Under legacy-seeking Clinton and an obeisant Congress, KidCare has exploded into a medical welfare program for middle-class infants, toddlers, pre-teens, and a sizable chunk of the MTV set. What better way to entice the next generation into a full-blown system for socialized medicine?

Bipartisan sponsors gave birth to KidCare, a federal cost-sharing program, in the spring of 1997. U.S. Sens. Orrin Hatch (R-Utah) and Ted Kennedy (D-Mass.) touted the proposal as a means of providing children's health insurance to "the poorest of the poor working families" -- ignoring the fact that those families were already eligible for generous medical coverage under Medicaid.

Although the stated purpose of the act was to target "uninsured, low-income children in an effective and efficient manner," KidCare now covers those who turn out not to be very poor. Thanks to federal KidCare incentives, there are currently 30 states covering children up to 200 percent of the federal poverty line. Connecticut, Missouri, New Hampshire, Rhode Island, and Vermont have pushed eligibility up to 300 percent of the federal poverty line.

New Jersey, harbinger of costly entitlements to come, offers coverage to those with incomes up to 350 percent of the official poverty level – which means a family of four making $58,450 a year qualifies for government benefits originally intended to help the "poorest of the poor."

California, which covers enrollees up to 250 percent of the poverty line, allows generous income deductions to increase eligibility. Benefits for a family of four earning $41,750 a year match those available to state employees, in addition to comprehensive dental and vision coverage. New rules allow retroactive coverage for medical services as much as three months before a child was enrolled in KidCare.

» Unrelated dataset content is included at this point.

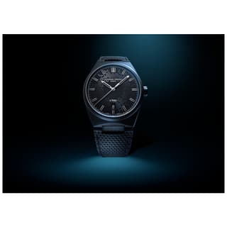 قاب ۳۹ میلیمتری استیل ضدزنگ با پوشش DLC مشکی، ترکیبی از ظرافت و دوام بالا ارائه میدهد و شیشه سافایر ضدخش با پوشش ضدانعکاس، وضوح و محافظت بینظیری از صفحه فراهم کرده است. صفحه مشکی با الگوی امواج صوتی و پوشش Super-LumiNova مشکی، جلوهای مدرن و منحصربهفرد ایجاد میکند.

A large share of KidCare participants turn out not to have been uninsured in the first place. The nonpartisan Congressional Budget Office estimated last year that 40 percent of new KidCare enrollees would come from families who drop their existing private coverage in favor of the federally subsidized entitlement.

Nevertheless, Clinton this week offered an irresistible lollipop to rope in more participants: Nearly $3 billion over the next five years to target new enrollees through public schools and to allow additional sites such as child care referral centers to immediately enroll uninsured children -- before their applications are even approved.

Moreover, the White House proposal would require states to make their Medicaid enrollment "as simple as that of KidCare." Read: throw means-testing out the window. As a White House press release explains, if a state's KidCare program "does not require an assets test…it would need to apply these same rules and procedures for children in Medicaid."

To top it all off, Clinton's plan would expand Medicaid to include an option to cover "children" through age 20. The same "option" -- what state would be crazy enough to turn it down? -- would be extended to all KidCare plans. (At the same time childhood is being defined up for eligibility purposes, welfare-state advocates are pushing aggressively to define senior citizenship down. Both Clinton and Gore support lowering the Medicare age of eligibility to 55.)

What's wrong with this picture? Robert Goldberg, a senior research fellow at the D.C.-based Ethics and Public Policy Center, put it well: "Instead of trying to drag parents into Medicaid and Kidcare, why not simply give them the money to make their own choices? Why not make a credit or voucher available to those who need it to buy insurance, pay bills, or add children to their own coverage?"

Clearly, KidCare's underlying goal is not to make sure all kids are insured, but to ensure they enroll in government health plans from the cradle and demand "free" coverage to the grave. The road to socialized health care is paved with good intentions -- and painted with candy stripes.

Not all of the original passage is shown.